WHEN the sun begins to circle low in the Southern sky, thousands of invalids prepare for their annual pilgrimage to the "Sunny South," not stopping to consider that dampness and malaria, and sultry days in mid-winter are vastly greater enemies to health than frost and snow. The fear of cold is getting to be almost a mania. Cold weather is a blessing. The winter toning up is an advantage which no one can afford to miss unless absolutely compelled to forego it.

ONE of the most mischievous errors current in modern times is the popular notion that a man may transgress all the laws of health with impunity, and then swallow a few drops of medicine, and antidote all the results of his evil habits.

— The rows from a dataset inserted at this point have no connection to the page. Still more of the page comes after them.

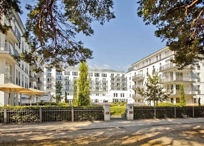 Steigenberger Grandhotel & Spa Heringsdorf is a 5-star resort hotel featuring a luxurious spa and wellness area. Guests can enjoy 167 rooms and suites with views of the beach promenade or the Baltic Sea. The hotel includes a variety of amenities, including five restaurants and bars, a kids club, and modern conference facilities.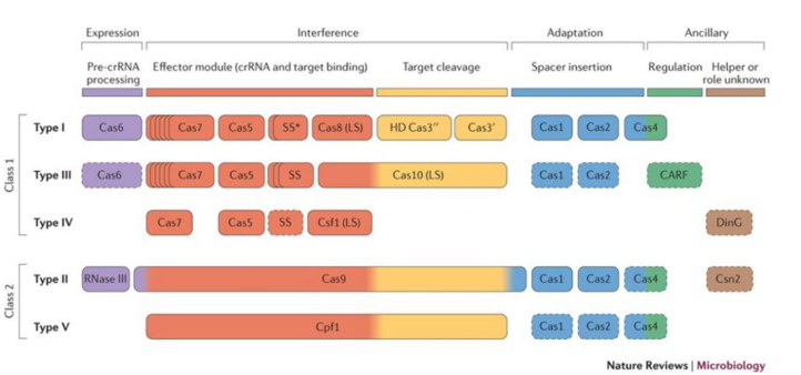 crRNA招募效应蛋白的组成将其分为两级,1级CRISPR系统利用多个Cas蛋白与crRNA形成效应复合物,2级CRISPR系统利用单个大Cas蛋白与crRNA形成效应复合物。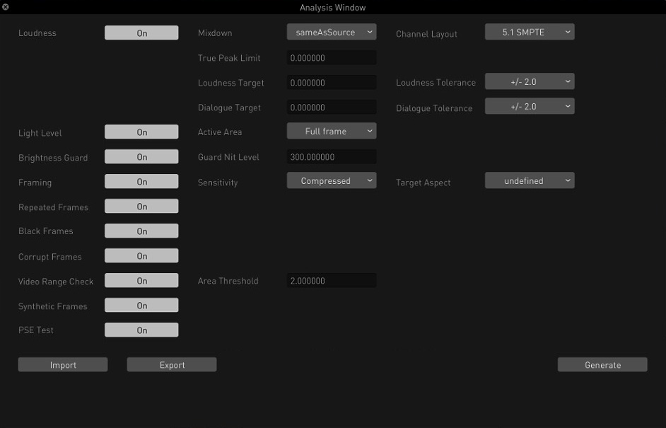 The QC Analysis Window, previously exclusive to the QC Player, enables users to configure and run automated quality control processes without navigating to the Render Page. Accessed via the File menu, it supports multiple encoders such as Loudness, Light Level, Brightness Guard, Framing, Repeated Frames, and Black Frames. Users can adjust audio mixdown and channel layout settings, customize encoder parameters, and perform detailed QC analysis more efficiently within the main interface.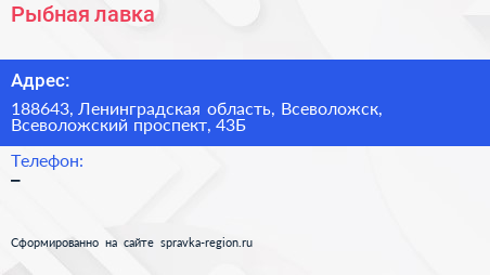 Рыбная лавка по адресу 188643, Ленинградская область, Всеволожск, Всеволожский проспект, 43Б в дальнейшем Организация, размещена в следующих категориях: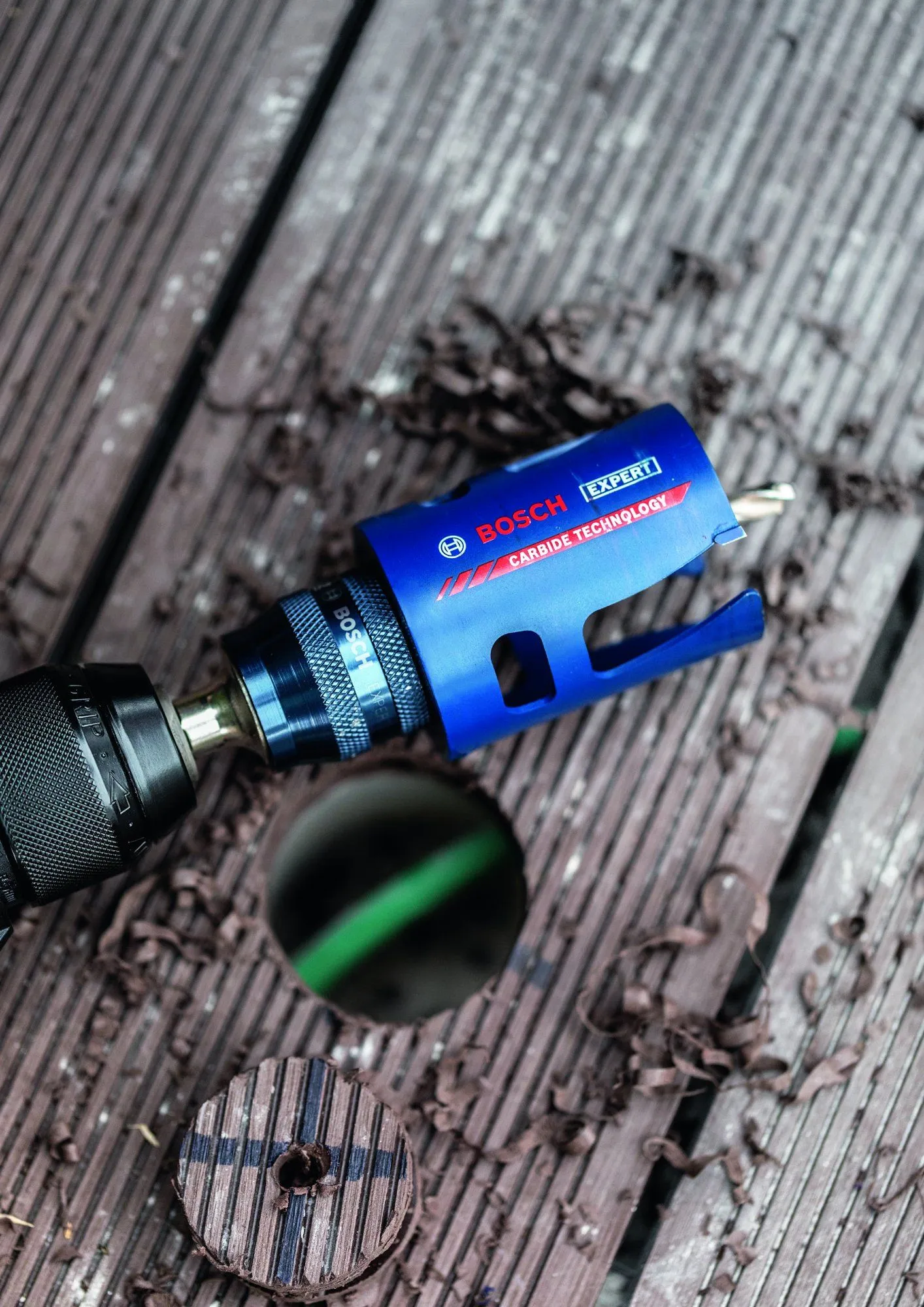 Met slechts een paar enorme hardmetalen tanden op zijn stalen lichaam levert de Expert Construction Material altijd een goed gat. De grote sleuven zijn geoptimaliseerd voor snelle spaanderverwijdering. De boor gaat snel door alles heen, van baksteen tot hout en spaanplaten. Bosch Carbide Technology is een optimale mix van de hardste metalen en zorgt voor een extreem lange levensduur.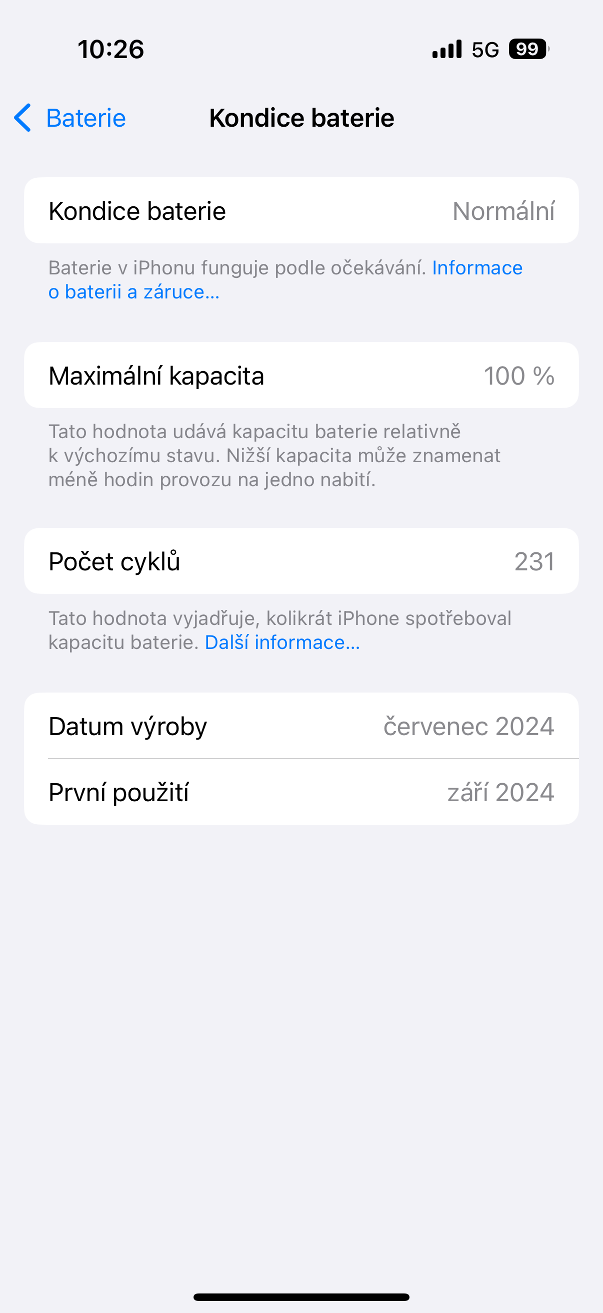 iPhone 16 Pro jsem dostal stejně jako každý předchozí model při zahájení jeho prodeje. To znamená, že jej nyní mám půl roku a baterie stále hlásí 100% kapacitu. U předchozích telefonů se mi přitom stávalo, že touto dobou byla baterie již okolo 95-98% a téměř nikdy jsem nezažil 100% kapacitu po půl roce. Nemyslím si, že by Apple nějak zásadně vylepšil baterii, ale já udělal jednu zásadní změnu. Dříve jsme nabíjel přes noc a ráno jsem se budil s telefonem, který byl sice nabitý na 100 %, ale zároveň byl celou noc na nabíječce. A i když má Appel přímo na svém webu články o tom, že to vlastně nevadí, má tam i články o tom, že je dobré jej po nabití z nabíječky odpojit. Můžete si tedy vybrat, co je lepší řešení. V mém případě se zdá, že lepší řešení je telefon nabíjet až během dne, kdy jej mohu po nabití odpojit z nabíječky.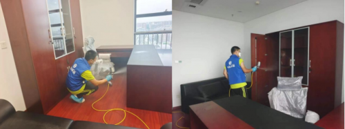 施工第3道工序:對(duì)細(xì)小家具、抽屜、床墊、木制鑲嵌柜子進(jìn)行除味工作,確保異味明顯降低,無(wú)刺激異味(人員可以正常進(jìn)出)。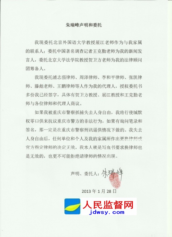 朱瑞峰声明和委托 我现委托北京外国语大学教授展江老师、中国著名调查记者王克勤老师作为与我家属的联系人;委托北京大学法学院教授贺卫方老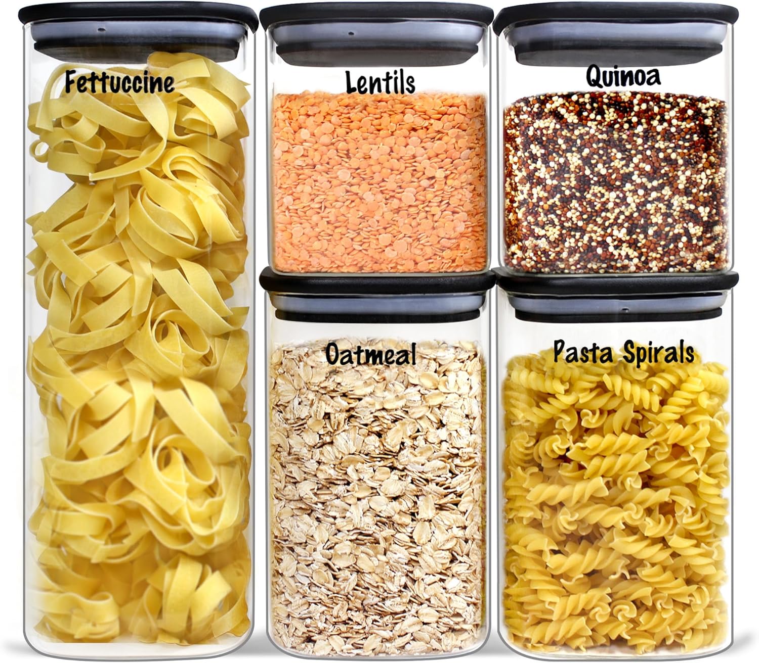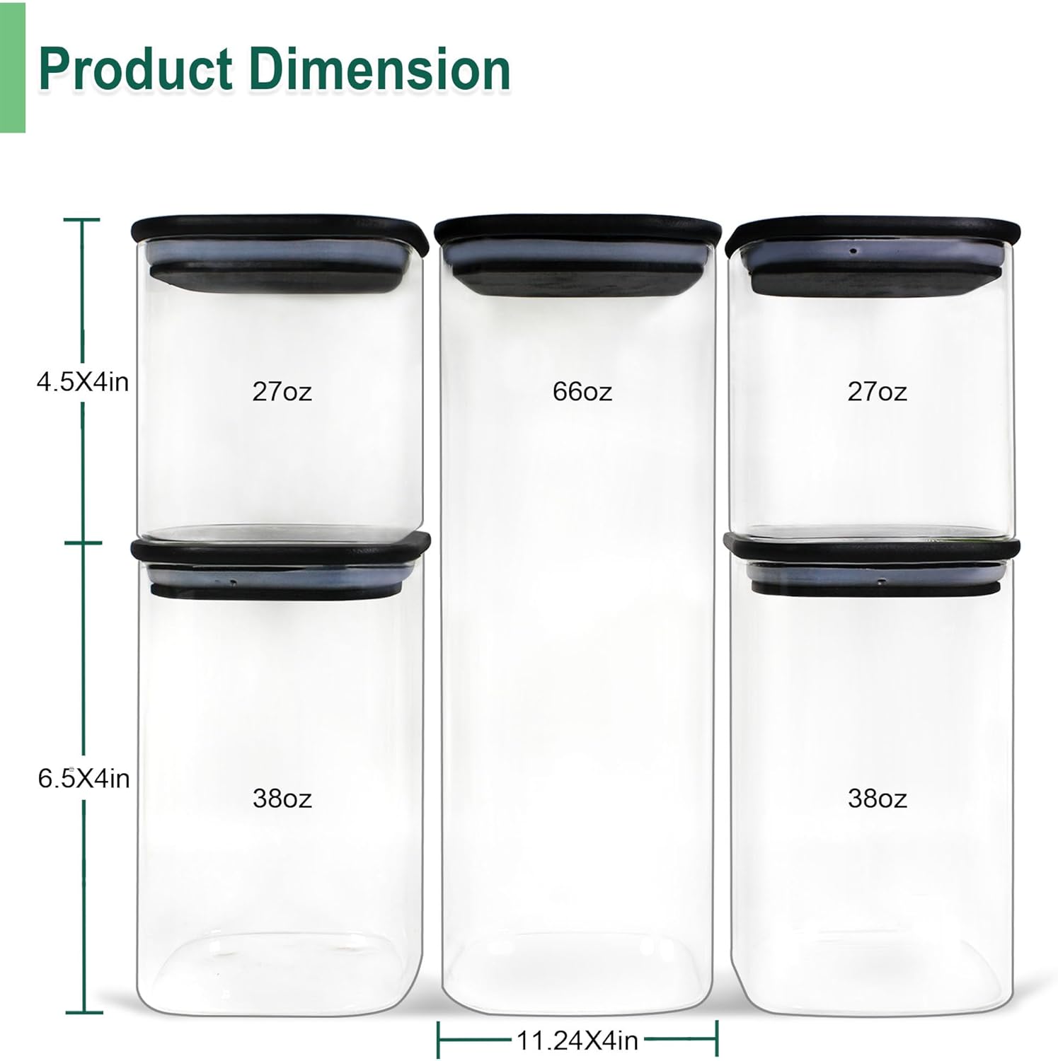 - โ NEW STYLISH BLACK LID SQUARE SHAPE: Looking for black and white, cool and stylish home deco? These Urban Green glass food storage canister sets with black lids are perfect for contemporary pantry design. We carefully selected 5 different sizes from 6oz to 100oz that can store any dry food, such as pasta, beans, nuts, cookies, spice or flour. Try our black lids glass jars for a new modern pantry organization.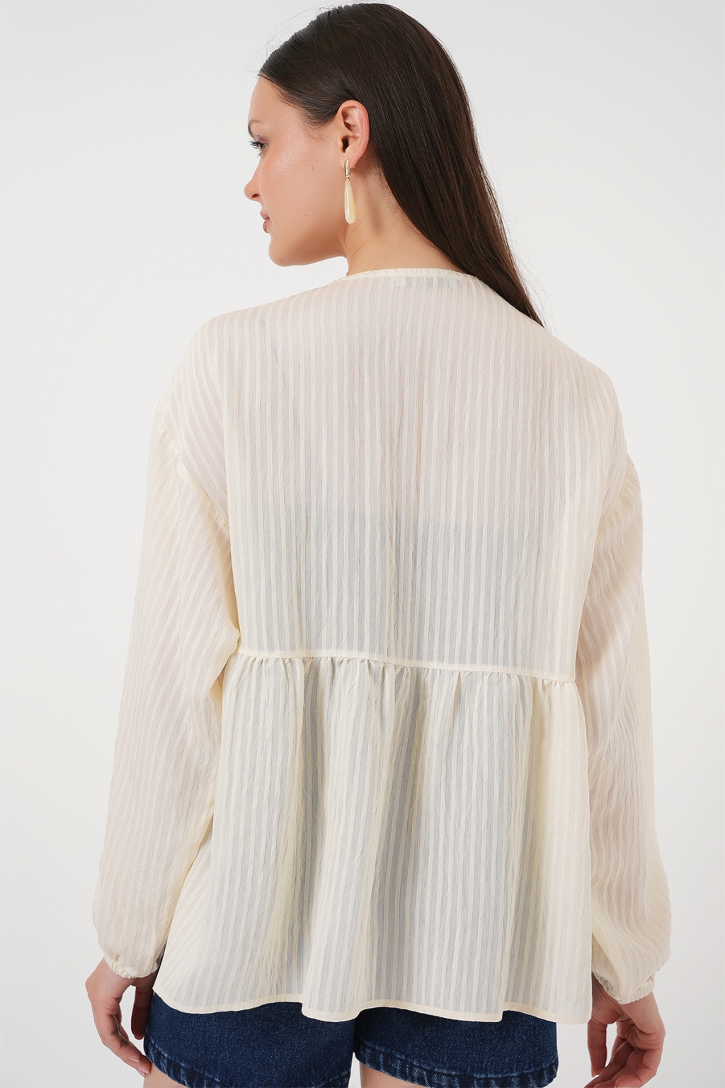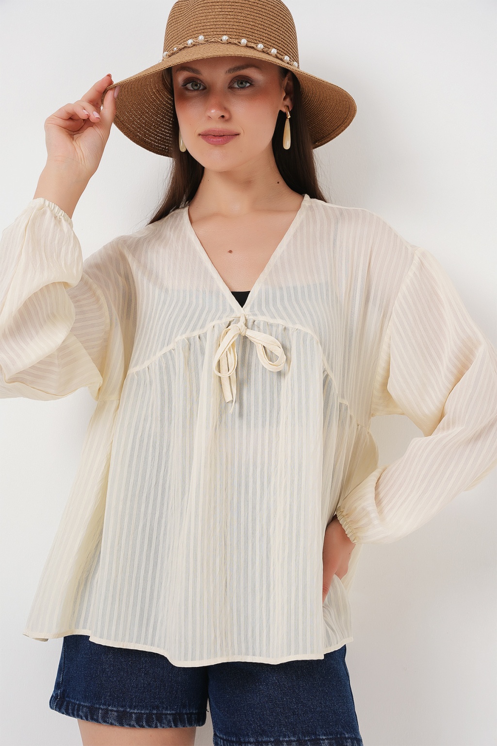 Kadın Önü Bağcıklı Uzun Kol Bluz 946 - Krem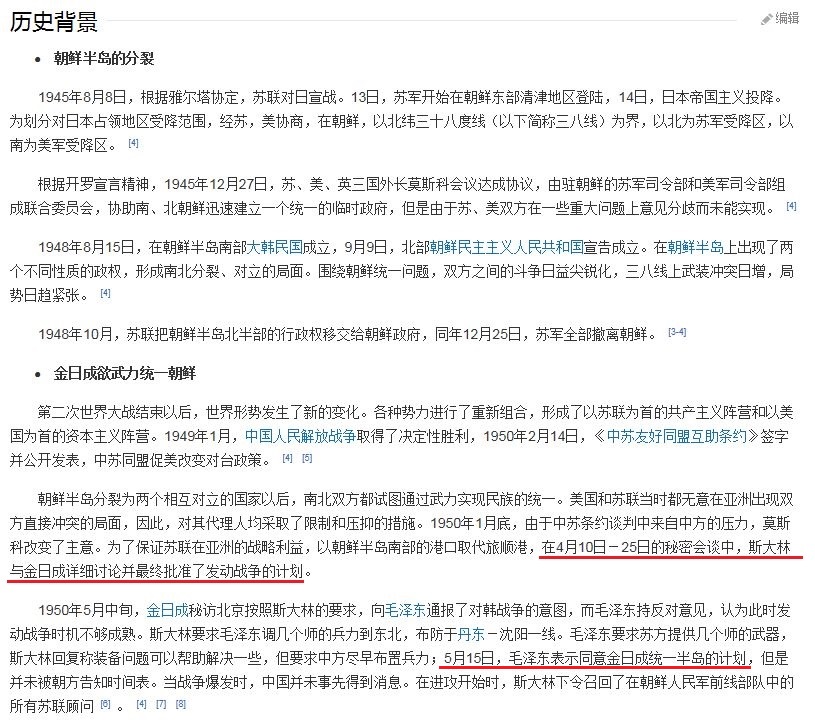 ccc 说: 头脑不能固化,看问题不能僵化停留在教科书上啊。看看百度,已经不是你当年学的那样啦。 浏览附件844872 https://baike.baidu.com/item/抗美援朝/383?fromtitle=抗美援朝战争&fromid=1214692 点击展开... 朝鲜战争是斯大林和金日成蓄谋,并得到毛泽东的同意,由朝鲜发动的一场侵略战争。 其他的,那就由人嘴的两张皮去说了。

Diseases are far less frequently cured by remedies than most people, and indeed many physicians, suppose. When a sick person gets well, it is usually because he has reformed from his evil ways, and nature has ceased to punish him for his physical sins. Nature cures whenever there is a cure. It has been suggested by a very wise physician that it may be that remedies hinder as often as they aid in recovery. And it may be that patients get well in spite of the remedies which are applied outside and inside, almost as often as by the aid {o}f them.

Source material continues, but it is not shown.